### EXERCISE OBJECTIVE
Look through the records below for the line with "Later on in". Return that line and each one after it up to and including the line with "シェルモチーフと天然素材を組", exactly.

### RECORDS SHOWN
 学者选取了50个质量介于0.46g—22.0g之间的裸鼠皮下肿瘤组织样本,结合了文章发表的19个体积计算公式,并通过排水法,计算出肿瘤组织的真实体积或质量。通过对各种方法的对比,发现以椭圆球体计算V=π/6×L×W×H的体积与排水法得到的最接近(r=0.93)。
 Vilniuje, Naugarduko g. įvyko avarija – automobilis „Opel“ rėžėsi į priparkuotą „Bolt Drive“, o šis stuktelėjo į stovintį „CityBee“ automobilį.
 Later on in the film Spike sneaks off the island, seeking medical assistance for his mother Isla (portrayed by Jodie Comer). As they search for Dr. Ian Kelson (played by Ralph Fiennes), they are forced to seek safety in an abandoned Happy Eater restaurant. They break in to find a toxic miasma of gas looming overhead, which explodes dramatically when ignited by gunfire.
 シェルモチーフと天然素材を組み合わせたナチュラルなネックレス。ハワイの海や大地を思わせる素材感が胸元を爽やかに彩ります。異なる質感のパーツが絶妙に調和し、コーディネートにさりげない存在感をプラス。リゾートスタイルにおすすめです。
---
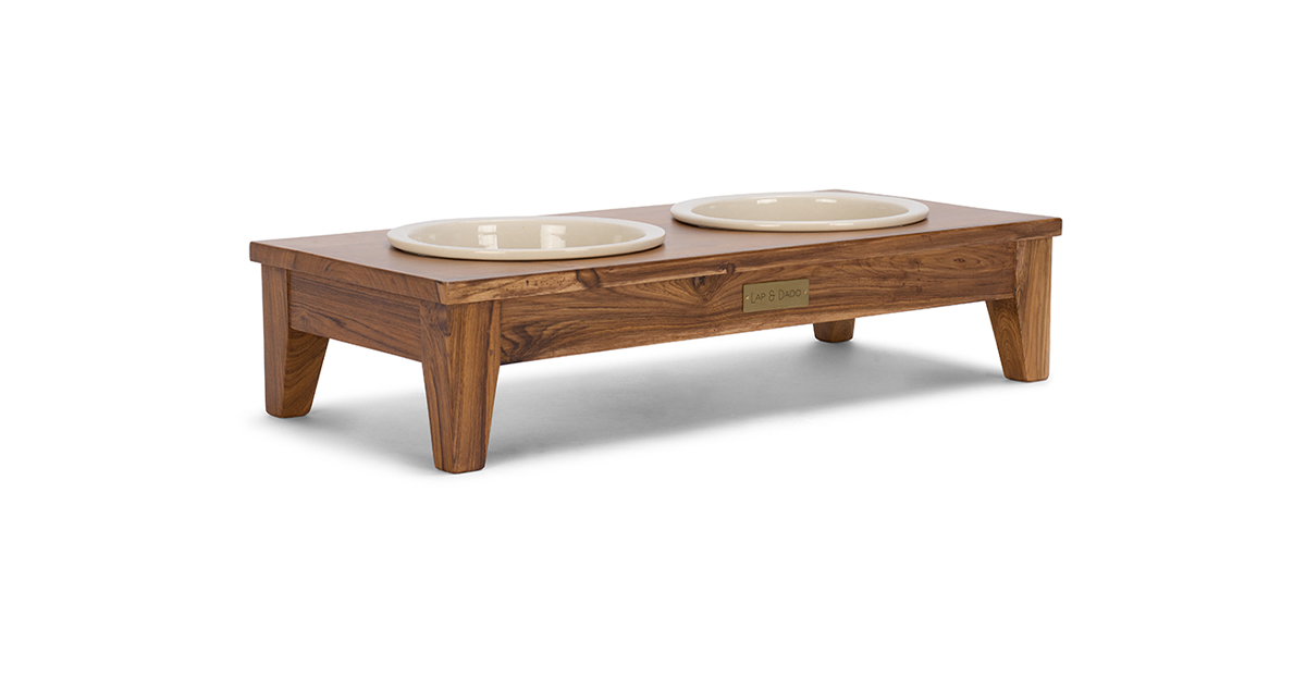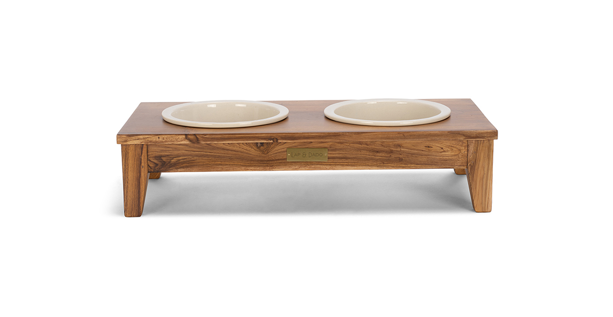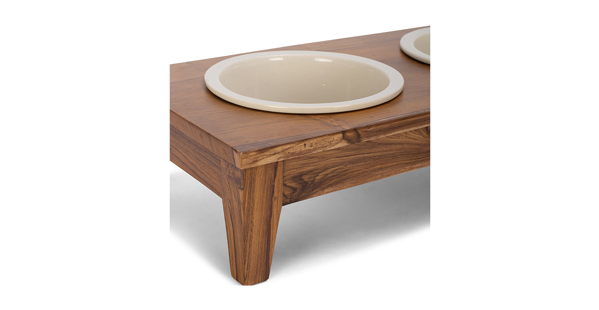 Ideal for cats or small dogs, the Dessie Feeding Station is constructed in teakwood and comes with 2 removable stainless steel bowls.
--
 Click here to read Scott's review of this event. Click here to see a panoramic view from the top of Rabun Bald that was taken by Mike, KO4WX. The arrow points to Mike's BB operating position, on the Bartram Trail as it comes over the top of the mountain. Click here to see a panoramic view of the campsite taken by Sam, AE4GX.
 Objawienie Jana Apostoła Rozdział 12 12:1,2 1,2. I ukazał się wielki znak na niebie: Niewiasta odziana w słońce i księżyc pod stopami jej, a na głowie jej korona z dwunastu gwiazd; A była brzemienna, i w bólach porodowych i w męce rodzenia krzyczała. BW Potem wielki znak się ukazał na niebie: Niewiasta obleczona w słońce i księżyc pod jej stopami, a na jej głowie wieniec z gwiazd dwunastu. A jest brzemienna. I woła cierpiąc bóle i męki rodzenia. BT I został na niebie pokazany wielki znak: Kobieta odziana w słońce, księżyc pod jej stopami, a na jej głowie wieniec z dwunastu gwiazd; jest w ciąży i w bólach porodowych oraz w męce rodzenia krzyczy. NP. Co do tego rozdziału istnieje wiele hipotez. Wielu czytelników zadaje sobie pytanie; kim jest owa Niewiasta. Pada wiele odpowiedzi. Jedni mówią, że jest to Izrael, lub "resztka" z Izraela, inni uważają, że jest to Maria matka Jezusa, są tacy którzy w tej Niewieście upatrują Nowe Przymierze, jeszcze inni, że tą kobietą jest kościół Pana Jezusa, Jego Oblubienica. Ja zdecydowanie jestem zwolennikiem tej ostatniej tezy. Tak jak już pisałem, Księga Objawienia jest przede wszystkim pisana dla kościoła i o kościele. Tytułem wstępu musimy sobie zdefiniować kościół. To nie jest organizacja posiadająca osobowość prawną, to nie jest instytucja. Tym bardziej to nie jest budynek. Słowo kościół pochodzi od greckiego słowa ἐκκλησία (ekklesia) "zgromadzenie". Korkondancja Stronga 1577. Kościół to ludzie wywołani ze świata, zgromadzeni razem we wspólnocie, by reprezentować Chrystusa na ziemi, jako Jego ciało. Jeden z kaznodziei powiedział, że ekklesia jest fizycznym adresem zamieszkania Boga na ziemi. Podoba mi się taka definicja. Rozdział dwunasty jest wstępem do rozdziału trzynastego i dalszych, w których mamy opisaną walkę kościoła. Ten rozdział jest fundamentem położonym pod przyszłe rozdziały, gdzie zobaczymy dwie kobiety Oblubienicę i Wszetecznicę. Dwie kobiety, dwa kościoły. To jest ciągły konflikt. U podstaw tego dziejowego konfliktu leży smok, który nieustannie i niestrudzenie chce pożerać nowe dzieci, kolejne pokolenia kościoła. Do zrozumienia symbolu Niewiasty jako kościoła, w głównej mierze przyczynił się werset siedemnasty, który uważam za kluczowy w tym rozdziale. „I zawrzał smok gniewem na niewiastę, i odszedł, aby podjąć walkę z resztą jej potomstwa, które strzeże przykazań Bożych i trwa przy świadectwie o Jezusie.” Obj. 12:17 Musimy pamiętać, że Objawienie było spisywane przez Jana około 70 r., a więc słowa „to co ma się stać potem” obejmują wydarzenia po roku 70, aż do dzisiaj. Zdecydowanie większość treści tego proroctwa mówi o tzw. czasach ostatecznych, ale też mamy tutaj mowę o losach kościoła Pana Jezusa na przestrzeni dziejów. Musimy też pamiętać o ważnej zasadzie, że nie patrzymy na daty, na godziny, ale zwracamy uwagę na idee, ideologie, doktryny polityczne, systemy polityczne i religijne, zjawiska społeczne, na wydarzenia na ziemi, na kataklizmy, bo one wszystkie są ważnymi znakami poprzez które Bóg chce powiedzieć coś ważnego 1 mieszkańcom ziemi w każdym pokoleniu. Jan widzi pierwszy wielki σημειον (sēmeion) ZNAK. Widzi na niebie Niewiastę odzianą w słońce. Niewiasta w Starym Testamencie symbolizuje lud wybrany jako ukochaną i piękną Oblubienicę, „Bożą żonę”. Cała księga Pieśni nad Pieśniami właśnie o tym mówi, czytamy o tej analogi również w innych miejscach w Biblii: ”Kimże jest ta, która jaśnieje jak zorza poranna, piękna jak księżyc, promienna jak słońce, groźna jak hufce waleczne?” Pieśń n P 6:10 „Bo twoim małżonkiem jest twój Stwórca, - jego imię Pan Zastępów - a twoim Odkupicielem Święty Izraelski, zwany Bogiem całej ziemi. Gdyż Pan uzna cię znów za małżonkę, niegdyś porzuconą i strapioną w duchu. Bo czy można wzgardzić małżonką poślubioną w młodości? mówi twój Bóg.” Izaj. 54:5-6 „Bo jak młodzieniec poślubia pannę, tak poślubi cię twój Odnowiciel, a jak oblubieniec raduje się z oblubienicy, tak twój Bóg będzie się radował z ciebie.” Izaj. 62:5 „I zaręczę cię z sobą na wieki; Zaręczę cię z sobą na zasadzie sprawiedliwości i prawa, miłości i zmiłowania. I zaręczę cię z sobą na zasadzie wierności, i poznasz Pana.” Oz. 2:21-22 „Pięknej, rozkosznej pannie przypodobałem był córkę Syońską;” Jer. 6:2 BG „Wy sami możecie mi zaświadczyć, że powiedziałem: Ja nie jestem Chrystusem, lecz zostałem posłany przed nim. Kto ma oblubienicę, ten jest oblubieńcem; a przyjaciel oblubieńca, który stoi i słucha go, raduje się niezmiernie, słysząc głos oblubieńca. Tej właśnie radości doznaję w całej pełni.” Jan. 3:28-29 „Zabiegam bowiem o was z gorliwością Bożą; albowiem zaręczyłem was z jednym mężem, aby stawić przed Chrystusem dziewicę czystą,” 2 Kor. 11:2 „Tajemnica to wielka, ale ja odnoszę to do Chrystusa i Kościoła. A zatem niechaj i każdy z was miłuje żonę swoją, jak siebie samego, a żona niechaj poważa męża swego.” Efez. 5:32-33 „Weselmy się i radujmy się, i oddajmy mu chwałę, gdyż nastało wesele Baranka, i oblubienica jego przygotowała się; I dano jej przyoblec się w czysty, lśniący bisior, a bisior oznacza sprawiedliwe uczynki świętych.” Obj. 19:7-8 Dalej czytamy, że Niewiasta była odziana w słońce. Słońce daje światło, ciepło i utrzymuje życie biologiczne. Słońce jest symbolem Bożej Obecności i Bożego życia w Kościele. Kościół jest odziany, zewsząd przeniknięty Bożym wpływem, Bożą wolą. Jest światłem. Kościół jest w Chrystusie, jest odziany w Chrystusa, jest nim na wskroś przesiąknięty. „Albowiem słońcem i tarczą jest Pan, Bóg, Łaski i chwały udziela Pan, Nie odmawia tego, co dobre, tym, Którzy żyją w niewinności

### EXERCISE OUTPUT
 Later on in the film Spike sneaks off the island, seeking medical assistance for his mother Isla (portrayed by Jodie Comer). As they search for Dr. Ian Kelson (played by Ralph Fiennes), they are forced to seek safety in an abandoned Happy Eater restaurant. They break in to find a toxic miasma of gas looming overhead, which explodes dramatically when ignited by gunfire.
 シェルモチーフと天然素材を組み合わせたナチュラルなネックレス。ハワイの海や大地を思わせる素材感が胸元を爽やかに彩ります。異なる質感のパーツが絶妙に調和し、コーディネートにさりげない存在感をプラス。リゾートスタイルにおすすめです。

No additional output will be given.